Output the lines of the records exactly, from the first through the one containing "1000 Мелочей, магазин". Omit all pictures.

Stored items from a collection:

-=-=-

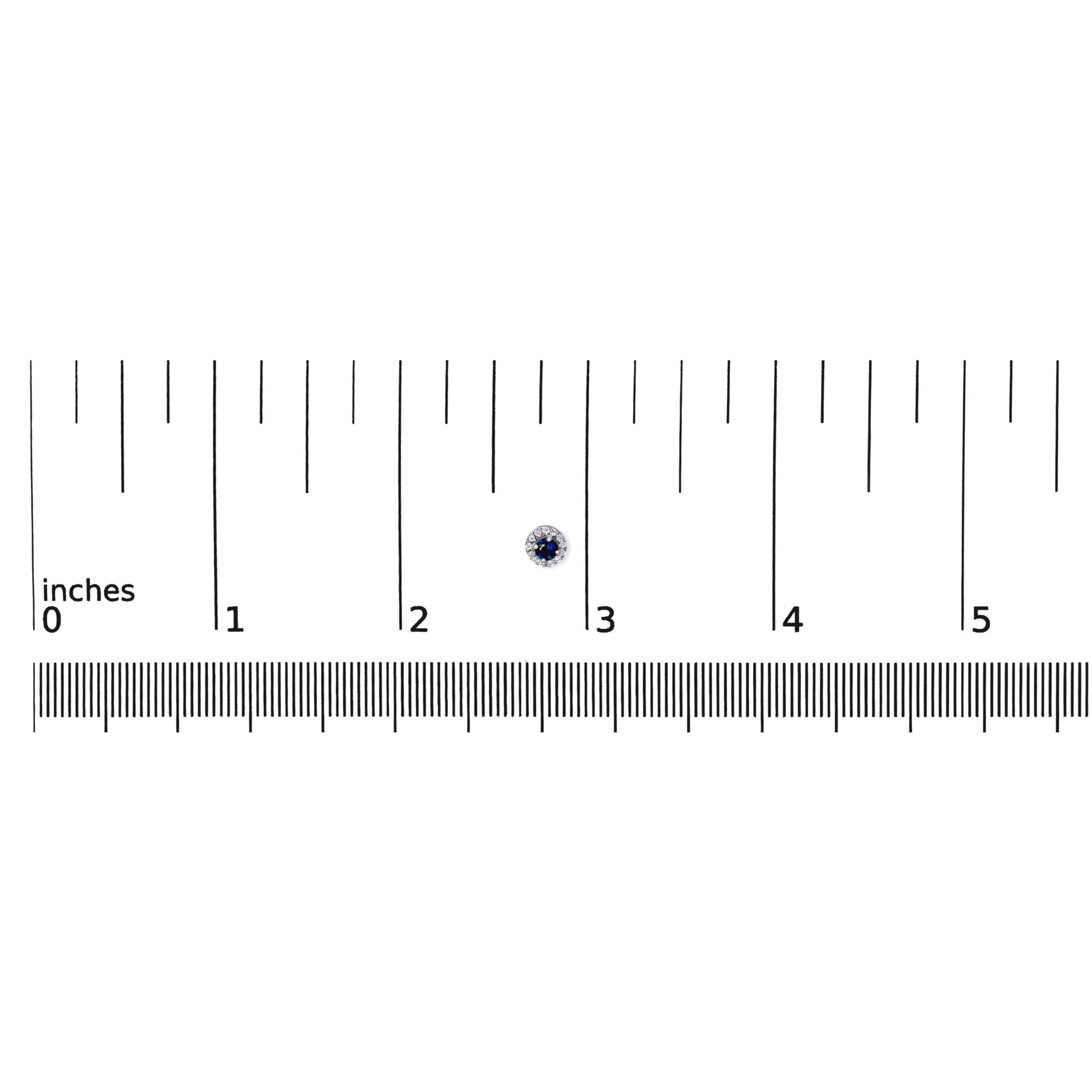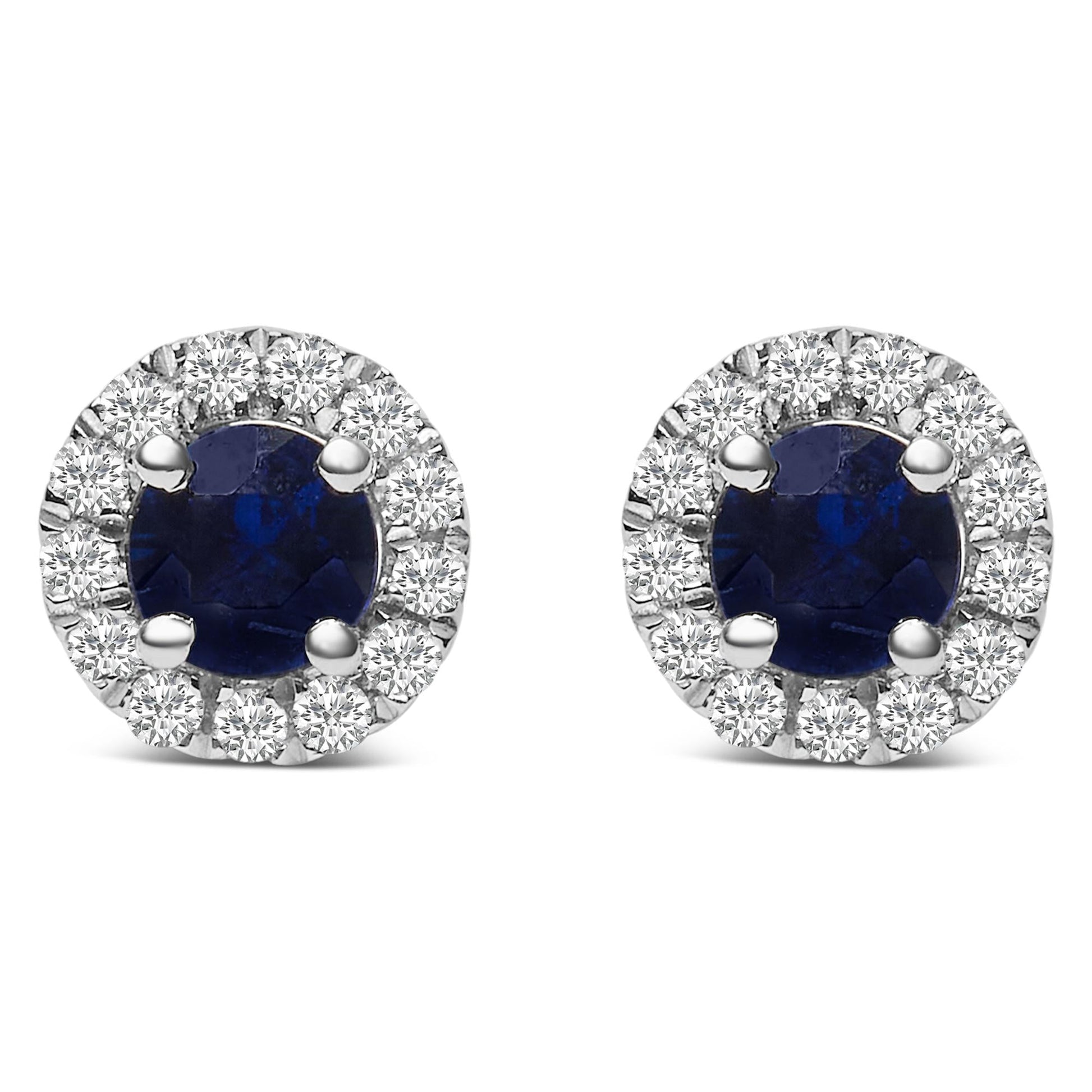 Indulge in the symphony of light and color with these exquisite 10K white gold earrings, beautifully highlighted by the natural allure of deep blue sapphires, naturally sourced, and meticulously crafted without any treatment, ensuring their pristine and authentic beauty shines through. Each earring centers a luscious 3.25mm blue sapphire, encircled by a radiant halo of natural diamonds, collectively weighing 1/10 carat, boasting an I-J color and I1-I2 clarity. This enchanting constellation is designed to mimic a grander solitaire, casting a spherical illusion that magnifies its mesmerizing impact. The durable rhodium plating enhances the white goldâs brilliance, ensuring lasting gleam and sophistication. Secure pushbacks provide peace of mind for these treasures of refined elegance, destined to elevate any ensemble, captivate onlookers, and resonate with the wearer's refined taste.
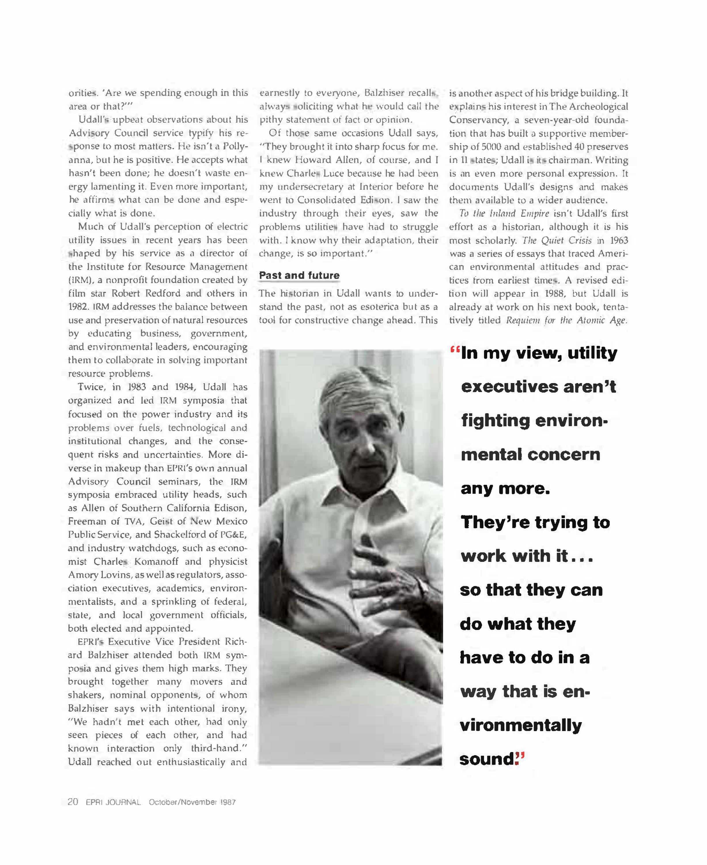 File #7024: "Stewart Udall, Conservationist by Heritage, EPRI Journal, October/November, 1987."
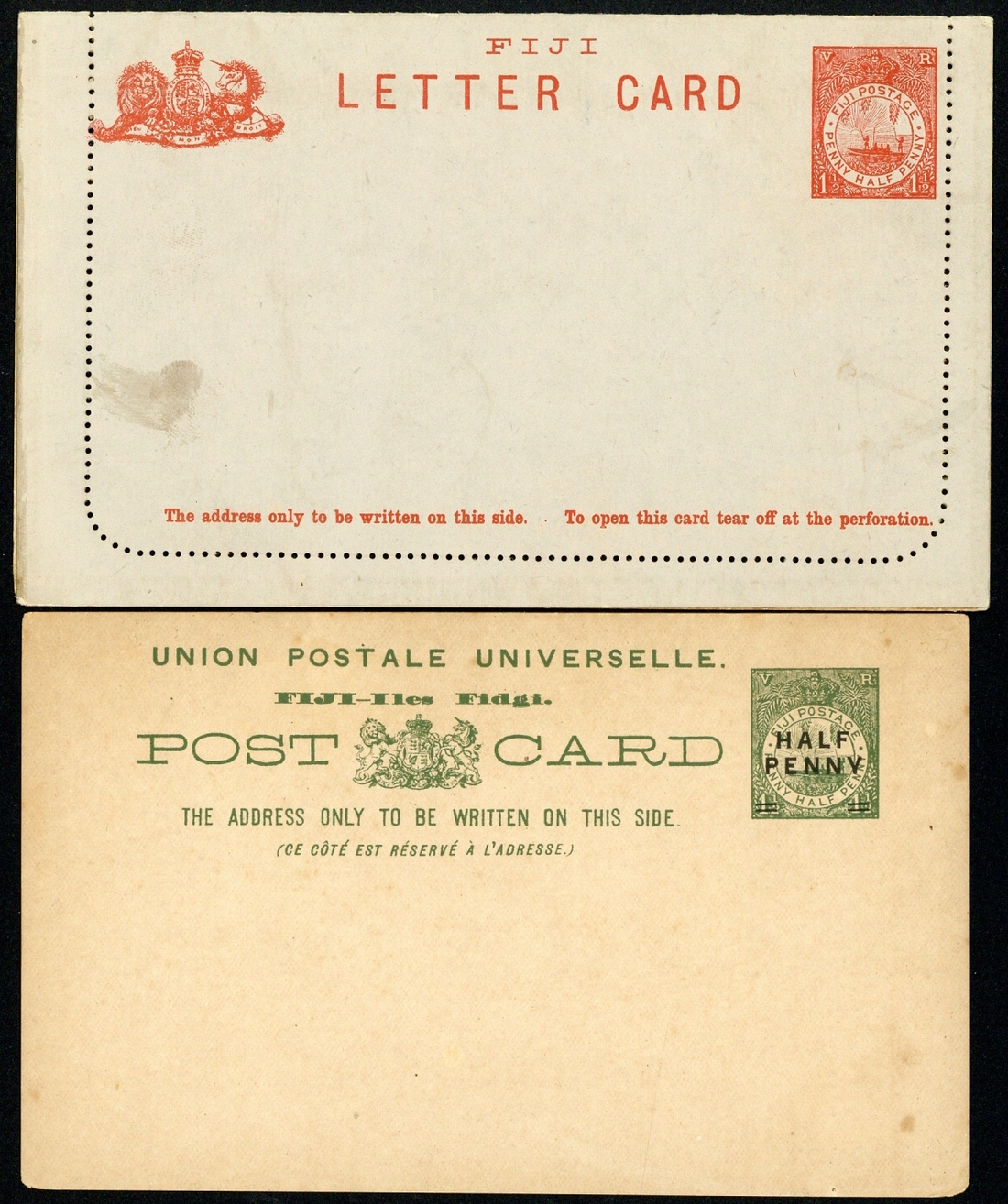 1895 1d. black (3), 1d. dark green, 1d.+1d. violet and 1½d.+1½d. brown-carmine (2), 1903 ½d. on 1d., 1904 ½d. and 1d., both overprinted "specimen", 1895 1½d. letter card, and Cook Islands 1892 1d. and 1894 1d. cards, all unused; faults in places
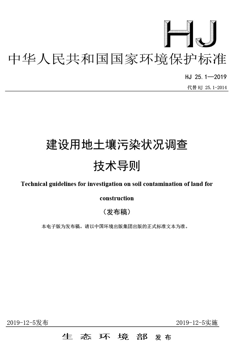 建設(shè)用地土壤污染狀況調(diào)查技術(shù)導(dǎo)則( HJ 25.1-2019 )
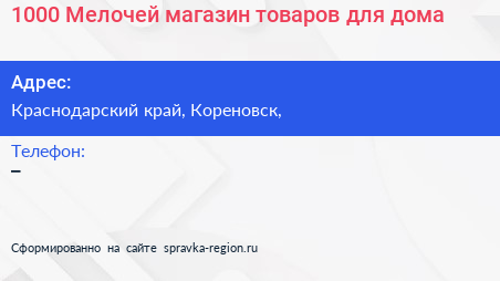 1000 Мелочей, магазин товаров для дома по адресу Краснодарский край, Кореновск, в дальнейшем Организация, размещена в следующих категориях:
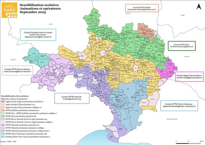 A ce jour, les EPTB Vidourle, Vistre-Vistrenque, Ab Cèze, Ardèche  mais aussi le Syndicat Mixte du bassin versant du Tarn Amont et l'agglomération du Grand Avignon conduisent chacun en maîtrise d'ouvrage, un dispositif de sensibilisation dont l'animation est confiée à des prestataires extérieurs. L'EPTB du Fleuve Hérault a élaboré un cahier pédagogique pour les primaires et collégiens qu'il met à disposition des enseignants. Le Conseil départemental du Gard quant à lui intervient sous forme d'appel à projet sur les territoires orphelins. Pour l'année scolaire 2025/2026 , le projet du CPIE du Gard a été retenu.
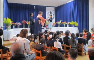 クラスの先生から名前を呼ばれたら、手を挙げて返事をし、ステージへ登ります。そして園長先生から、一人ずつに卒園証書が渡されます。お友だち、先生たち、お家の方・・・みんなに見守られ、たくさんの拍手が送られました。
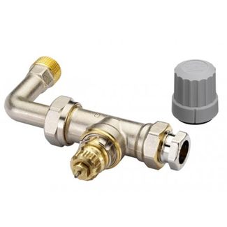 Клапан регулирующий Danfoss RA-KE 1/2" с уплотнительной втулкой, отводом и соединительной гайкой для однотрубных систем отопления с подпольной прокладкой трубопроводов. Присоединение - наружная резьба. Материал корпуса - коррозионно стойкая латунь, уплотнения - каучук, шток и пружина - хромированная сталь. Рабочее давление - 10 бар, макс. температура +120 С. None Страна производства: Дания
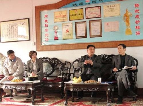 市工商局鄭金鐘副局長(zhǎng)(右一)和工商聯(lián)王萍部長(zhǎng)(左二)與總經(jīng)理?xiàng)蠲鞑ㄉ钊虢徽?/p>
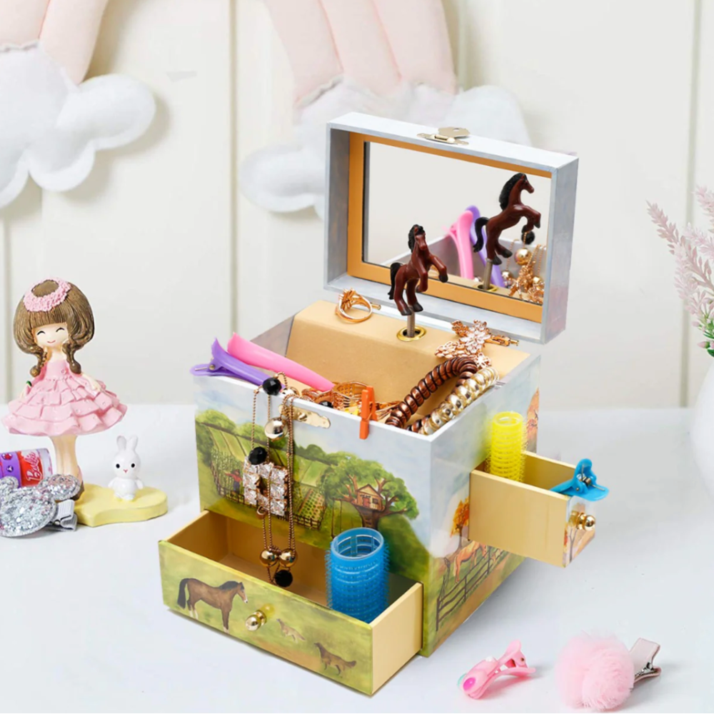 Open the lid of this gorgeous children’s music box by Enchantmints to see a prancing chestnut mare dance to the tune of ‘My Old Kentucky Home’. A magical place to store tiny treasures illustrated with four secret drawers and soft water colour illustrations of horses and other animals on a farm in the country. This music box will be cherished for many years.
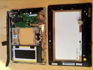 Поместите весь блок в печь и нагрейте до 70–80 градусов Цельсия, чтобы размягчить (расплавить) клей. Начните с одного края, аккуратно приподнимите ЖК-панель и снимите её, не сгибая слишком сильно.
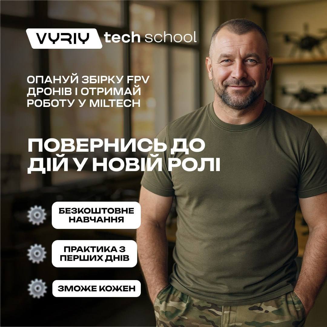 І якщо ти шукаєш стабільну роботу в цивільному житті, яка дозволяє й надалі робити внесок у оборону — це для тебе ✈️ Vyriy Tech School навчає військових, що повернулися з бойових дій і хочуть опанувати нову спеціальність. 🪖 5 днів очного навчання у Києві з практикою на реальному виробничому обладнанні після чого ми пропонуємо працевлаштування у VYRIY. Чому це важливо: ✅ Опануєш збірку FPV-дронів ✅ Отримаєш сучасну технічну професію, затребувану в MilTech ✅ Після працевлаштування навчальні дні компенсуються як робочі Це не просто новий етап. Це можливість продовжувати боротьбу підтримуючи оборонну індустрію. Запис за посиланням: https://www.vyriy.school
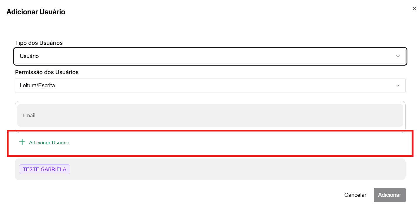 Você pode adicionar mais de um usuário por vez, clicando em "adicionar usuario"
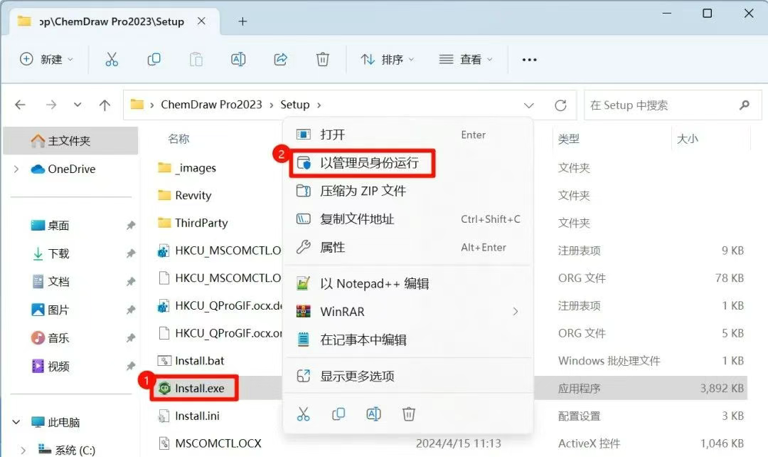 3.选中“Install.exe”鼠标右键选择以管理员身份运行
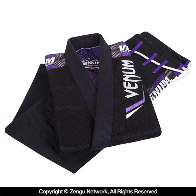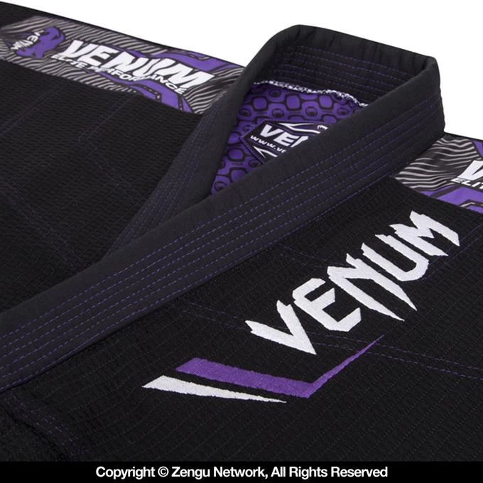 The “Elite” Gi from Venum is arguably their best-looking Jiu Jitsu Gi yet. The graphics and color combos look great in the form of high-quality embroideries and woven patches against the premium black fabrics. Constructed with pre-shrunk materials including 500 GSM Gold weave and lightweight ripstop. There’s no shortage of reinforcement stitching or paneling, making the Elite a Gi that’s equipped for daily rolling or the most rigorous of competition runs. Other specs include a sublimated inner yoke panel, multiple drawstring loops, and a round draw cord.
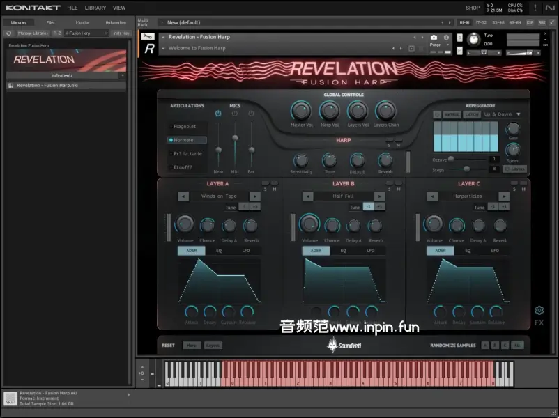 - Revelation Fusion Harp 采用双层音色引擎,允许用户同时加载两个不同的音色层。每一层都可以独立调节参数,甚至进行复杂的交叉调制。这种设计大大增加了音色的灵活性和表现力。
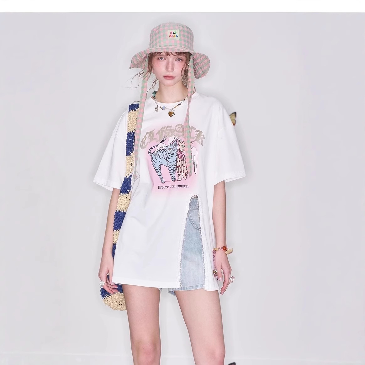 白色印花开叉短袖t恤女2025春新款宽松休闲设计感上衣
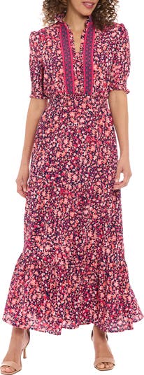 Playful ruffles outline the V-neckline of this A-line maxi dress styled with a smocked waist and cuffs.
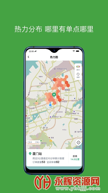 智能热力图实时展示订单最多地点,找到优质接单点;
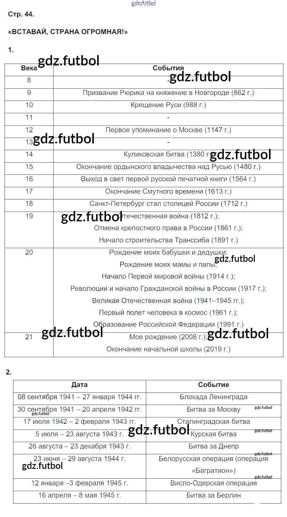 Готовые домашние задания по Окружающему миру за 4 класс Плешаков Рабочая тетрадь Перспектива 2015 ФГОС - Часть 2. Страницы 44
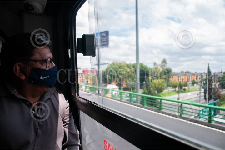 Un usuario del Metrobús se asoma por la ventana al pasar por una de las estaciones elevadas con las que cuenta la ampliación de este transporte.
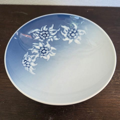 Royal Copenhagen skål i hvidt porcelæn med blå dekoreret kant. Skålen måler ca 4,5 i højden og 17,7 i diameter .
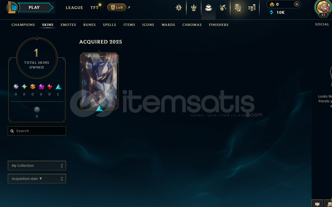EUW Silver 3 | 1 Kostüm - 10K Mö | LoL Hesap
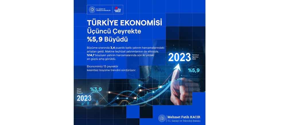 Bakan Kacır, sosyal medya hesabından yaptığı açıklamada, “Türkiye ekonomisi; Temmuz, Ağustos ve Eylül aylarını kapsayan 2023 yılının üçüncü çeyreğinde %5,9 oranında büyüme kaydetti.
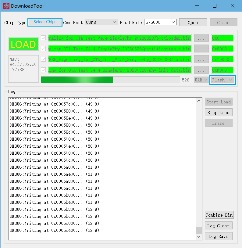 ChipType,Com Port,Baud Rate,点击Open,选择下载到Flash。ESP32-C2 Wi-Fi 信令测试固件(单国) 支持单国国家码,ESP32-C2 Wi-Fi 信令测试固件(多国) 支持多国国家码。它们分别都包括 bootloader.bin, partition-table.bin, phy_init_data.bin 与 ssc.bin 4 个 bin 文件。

-=-=-

COMPLETED TASK>
 Indulge in the symphony of light and color with these exquisite 10K white gold earrings, beautifully highlighted by the natural allure of deep blue sapphires, naturally sourced, and meticulously crafted without any treatment, ensuring their pristine and authentic beauty shines through. Each earring centers a luscious 3.25mm blue sapphire, encircled by a radiant halo of natural diamonds, collectively weighing 1/10 carat, boasting an I-J color and I1-I2 clarity. This enchanting constellation is designed to mimic a grander solitaire, casting a spherical illusion that magnifies its mesmerizing impact. The durable rhodium plating enhances the white goldâs brilliance, ensuring lasting gleam and sophistication. Secure pushbacks provide peace of mind for these treasures of refined elegance, destined to elevate any ensemble, captivate onlookers, and resonate with the wearer's refined taste.
 File #7024: "Stewart Udall, Conservationist by Heritage, EPRI Journal, October/November, 1987."
 1895 1d. black (3), 1d. dark green, 1d.+1d. violet and 1½d.+1½d. brown-carmine (2), 1903 ½d. on 1d., 1904 ½d. and 1d., both overprinted "specimen", 1895 1½d. letter card, and Cook Islands 1892 1d. and 1894 1d. cards, all unused; faults in places
 建設(shè)用地土壤污染狀況調(diào)查技術(shù)導(dǎo)則( HJ 25.1-2019 )
 1000 Мелочей, магазин товаров для дома по адресу Краснодарский край, Кореновск, в дальнейшем Организация, размещена в следующих категориях:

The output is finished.